As in the previous Creekwood/Simonverse books, Albertalli captures the teenage experience so well. I’m definitely not a teenager anymore, but the pop-culture filled dialogue, emphasis on social media, and the messy emotional space of trying to decide if you have a crush on someone or are just flattered to be liked, rang true for me. I also couldn’t help smiling at the DRAMA of it all! I’m sure all of us remember stressing about problems or situations that felt all-important at the time, but in retrospect really weren’t all that big of a deal.

Like Albertalli’s other books, Leah on the Offbeat can be broadly classed as YA drama with a fluffy ending. Leah herself may be a more cynical (although no less oblivious) narrator than Simon Spier, and she’s less inclined to wear her heart on her sleeve, but the various tangled plot threads all wrap up neatly into an ending that will no doubt satisfy fans of the characters.

Often the most intriguing fictional characters are those that really don’t have it all together yet, and that definitely describes Leah Burke. Her narrative voice is sarcastic, stubborn, and completely unapologetic, but underneath her take-no-shit exterior, she’s kind of a confused mess – particularly when it comes to her feelings. What’s so interesting about Leah on the Offbeat is how Albertalli manages to craft a story in which the reader often knows more about the first-person narrator’s emotional state than the protagonist does! Yes, it takes awhile for Creekwood High’s “resident fat Slytherin Rory Gilmore” to realize that she has a crush on someone who is definitely-totally-probably-maybe not? off limits.

Although romance is once again a major part of the plot, and I’m thrilled to see young bisexual women gaining some much needed representation, to be honest I was more invested in Leah Burke’s personal journey. If something isn’t perfect then Leah withdraws completely, likely in an attempt to fend off rejection. It’s incredibly relatable. How many times have I rewritten reviews striving to find the perfect word until it’s published so far after the fact that it’s no longer relevant? Watching Leah accept that things don’t have to be perfect, that things can have imperfections but still hold value, was really special.

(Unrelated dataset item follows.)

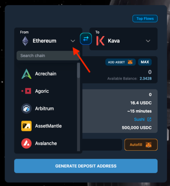 登陆Satellite Bridge ,在“From”下拉列表中选择您持有的 USDC 目前所在的网络,并在“To”下拉列表中选择Kava。
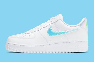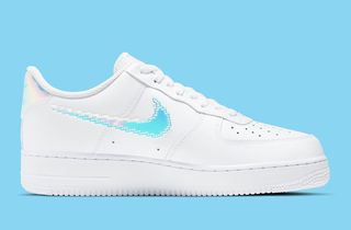In a similar vein to the AF1 “Triple White Pixel” recently announced here, this latest addition to the forever expanding catalog offers another digitalized motif. The all-white premium leather upper with matching rubber sole unit underfoot provides the ultimate clean crisp backdrop for the remainder of the design. The blue shimmering pixel swoosh slightly changes color depending on its composition and looks like it’s straight out of an 80’s arcade game, matching heel and tongue overlays with “Nike Air” branding continue the theme. Completing the design is the black pixeled branding on the insoles.

I’m not normally a seasonal reader, but Leah on the Offbeat strikes me as the perfect Spring/Summer book. From the colourful cover to the bittersweet goodbyes of senior year within, this is a book that’s meant to be read outside. It may not have grabbed me in quite the same way as the first book in the series, but if you’re invested in the lives of Simon, Leah, Blue, Abby, and everyone at Creekwood High, like I am, it’s definitely worth reading.